Thanksgiving Letter

Some people like to get a jump on sending out Christmas letters by sending out Thanksgiving letters instead. Here's one passed along to us recently.

Dear All,

Chef Gordon Ramsay would be proud. Todd, Ted, Daniela and I managed to create a delicious Thanksgiving meal despite our horrifying lack of experience, equipment, and the confounding uber-organic Turkey, which we discovered upon unwrapping still had it's [sic] feathers on! A quick call to Jen and Judy reassured us that the feathers, while annoying, would not ruin the meal.

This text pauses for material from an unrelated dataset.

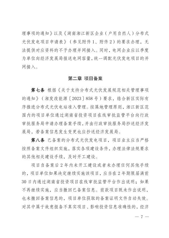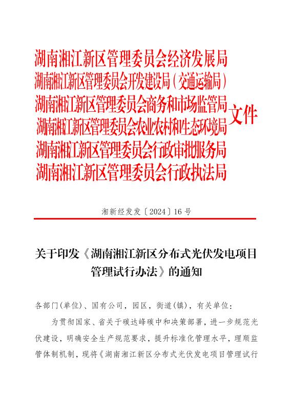 近期受政策调整影响,辖区内分布式光伏项目申报量激增。为确保各申报单位项目按期完成审核流程并享受对应电价政策,根据《湖南湘江新区分布式光伏发电项目管理试行办法》(湘新经发发〔2024〕16号,自2024年12月4日起施行)、国家能源局印发的《分布式光伏发电开发建设管理办法》(国能发新能规〔2025〕7号,自2025年1月17日起施行)文件精神,结合国家能源局电价政策窗口期衔接要求,现就有关事项通知如下:

We ate 2 hours late because when they say 20 minutes per pound, they lie! But, it was scrumptious and we had a great time.

Annie has become a very smiley baby especially in the last week. She smiles after being fed, after producing a particularly stinky diaper (as if to say..."Ha! Now change THAT!") and Molly and Daddy are completely hilarious.

Annie also has the special talent of doing a great imitation of Grampa Walsh. We think of him often when she gets a little Irish twinkle in her eye or when she gives us that "You're a half-wit." look. We pulled out a special Thanksgiving newsletter/gaelic lesson he sent to the grandchildren in 2001 and thought it might be fun to share in the spirit of the holiday. The text is in the post script below.


Ashley, Teddy, Molly and Annie

P.S. From Grampa Walsh - Thanksgiving 2001

Ciotach no Deisealach

You may have noticed your grandmother's shoes scattered around the house, on the porch and in her car. She has numerous dozen pairs and usually goes barefoot in the house and around the yard but does put them on to go downtown, etc. The other day she came home in the evening and announced that she had worn two left shoes all day long *(same color) and they were very comfortable. It was then that I noticed, for the first time, that the big toe on her right foot was on the outside and the little toe inside. No wonder her feet felt better with two left shoes. Now I understand at least part of the reason she has been in such a mean, miserable mood for the last sixty-eight years. (SORRY GRAMMIE)

In the spirit of Thanksgiving, you may express your gratitude for this epiphany by sending a tax free contribution to:

(address deleted)

(below that he drew check boxes ranging in amount from $1,000 to Other $)

Another true story:

I saw a little girl in the office the other day and asked her how she was. She said, "I'm fine, thank you."
I said, "Why don't you ask me how I am?"
She said, "Because I don't care."

Seanathair, Altu (Thanksgiving) 2001.